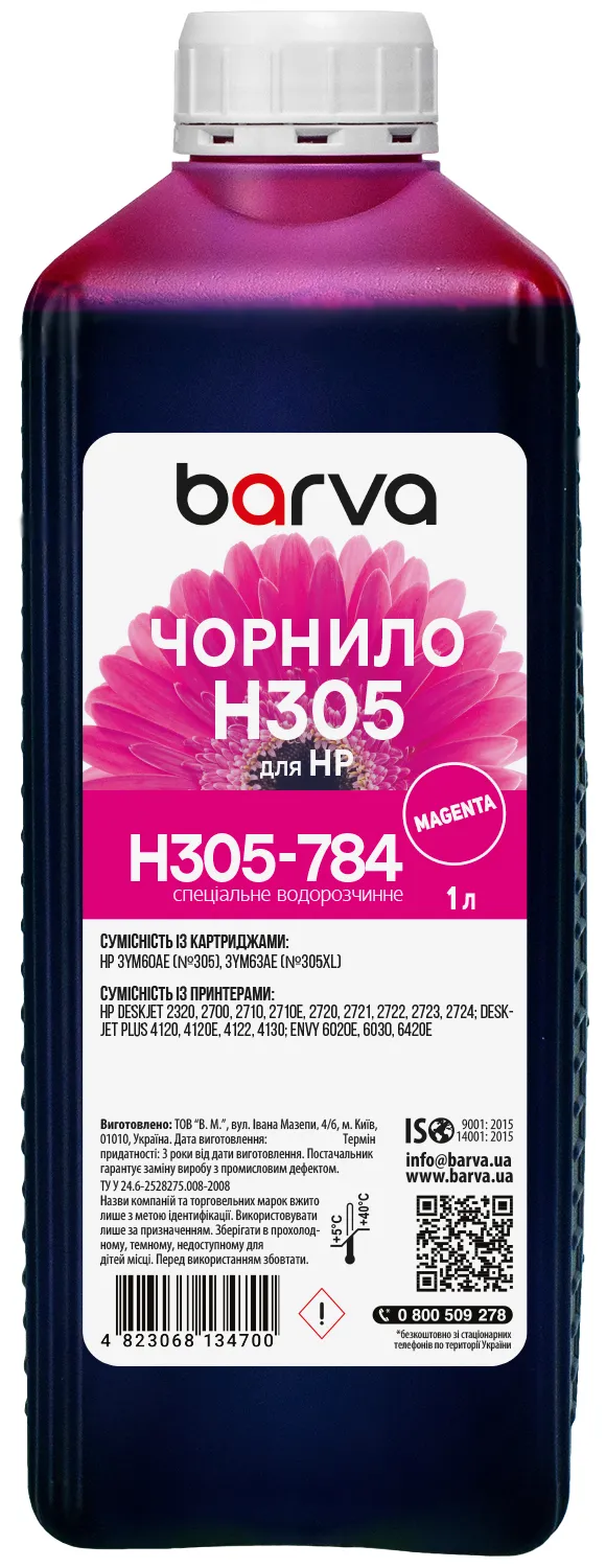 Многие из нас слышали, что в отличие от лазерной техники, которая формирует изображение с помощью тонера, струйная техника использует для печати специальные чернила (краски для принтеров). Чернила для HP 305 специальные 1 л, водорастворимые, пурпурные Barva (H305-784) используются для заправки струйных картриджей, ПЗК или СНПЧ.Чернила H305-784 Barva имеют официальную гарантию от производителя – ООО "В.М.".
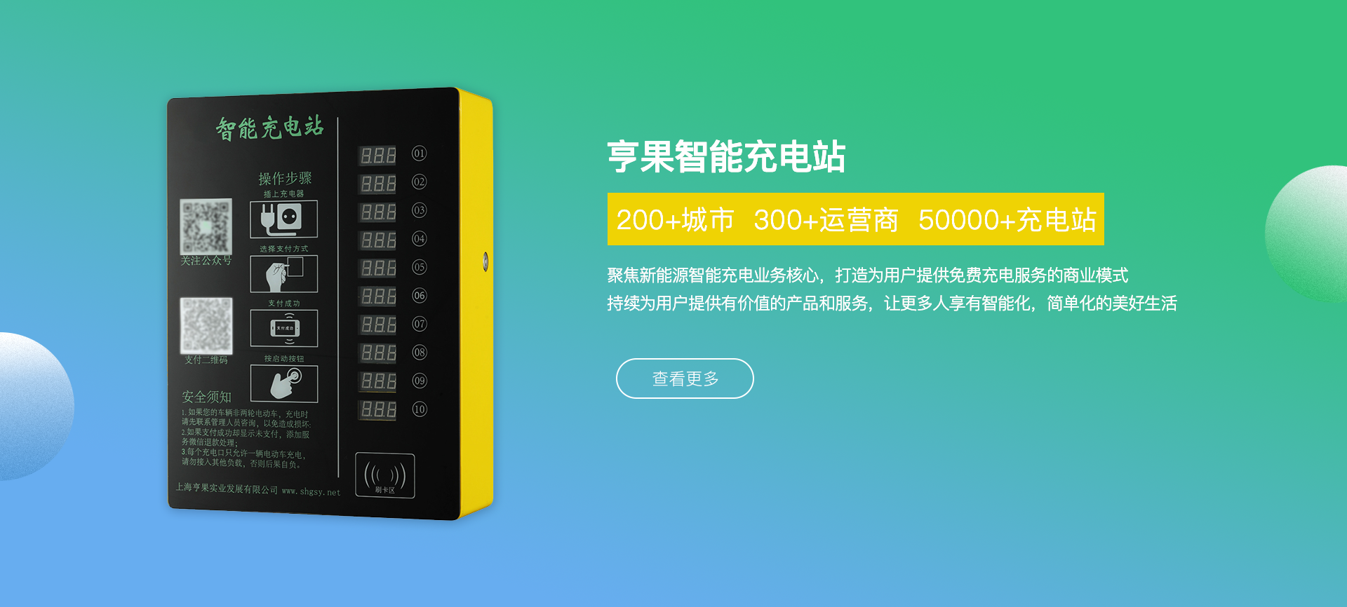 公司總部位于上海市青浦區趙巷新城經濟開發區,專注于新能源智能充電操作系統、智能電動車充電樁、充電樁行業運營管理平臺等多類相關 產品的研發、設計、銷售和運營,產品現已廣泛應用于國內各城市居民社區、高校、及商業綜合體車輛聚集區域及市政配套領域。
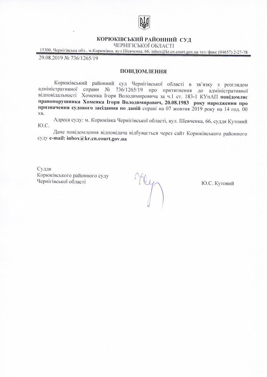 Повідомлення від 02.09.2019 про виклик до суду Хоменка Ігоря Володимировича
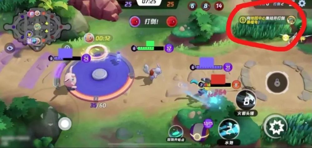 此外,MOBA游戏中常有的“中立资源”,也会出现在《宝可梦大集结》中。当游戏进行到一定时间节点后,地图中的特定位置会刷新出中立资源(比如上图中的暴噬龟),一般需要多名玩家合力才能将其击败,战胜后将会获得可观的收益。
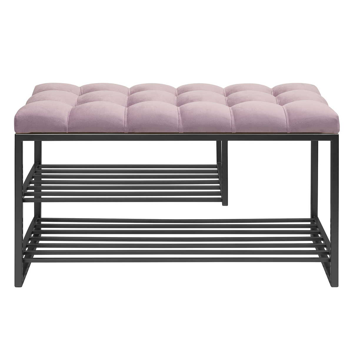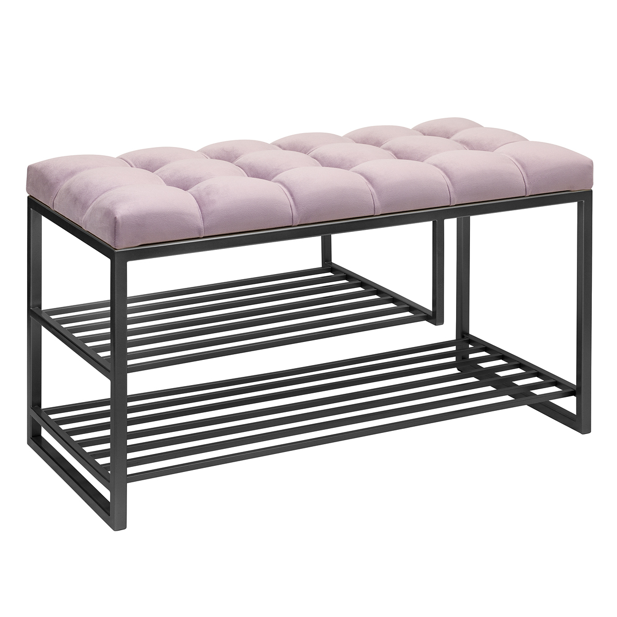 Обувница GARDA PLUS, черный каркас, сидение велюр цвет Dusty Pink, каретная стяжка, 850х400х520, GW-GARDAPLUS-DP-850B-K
☆ ☆ ☆ ☆ ☆
**Task brief**: Please write out, exactly, every line from the line with "Повідомлення від 02.09.2019" through the final line of the data above, leaving out pictures.

**Completed exercise**:
 Повідомлення від 02.09.2019 про виклик до суду Хоменка Ігоря Володимировича
 此外,MOBA游戏中常有的“中立资源”,也会出现在《宝可梦大集结》中。当游戏进行到一定时间节点后,地图中的特定位置会刷新出中立资源(比如上图中的暴噬龟),一般需要多名玩家合力才能将其击败,战胜后将会获得可观的收益。
 Обувница GARDA PLUS, черный каркас, сидение велюр цвет Dusty Pink, каретная стяжка, 850х400х520, GW-GARDAPLUS-DP-850B-K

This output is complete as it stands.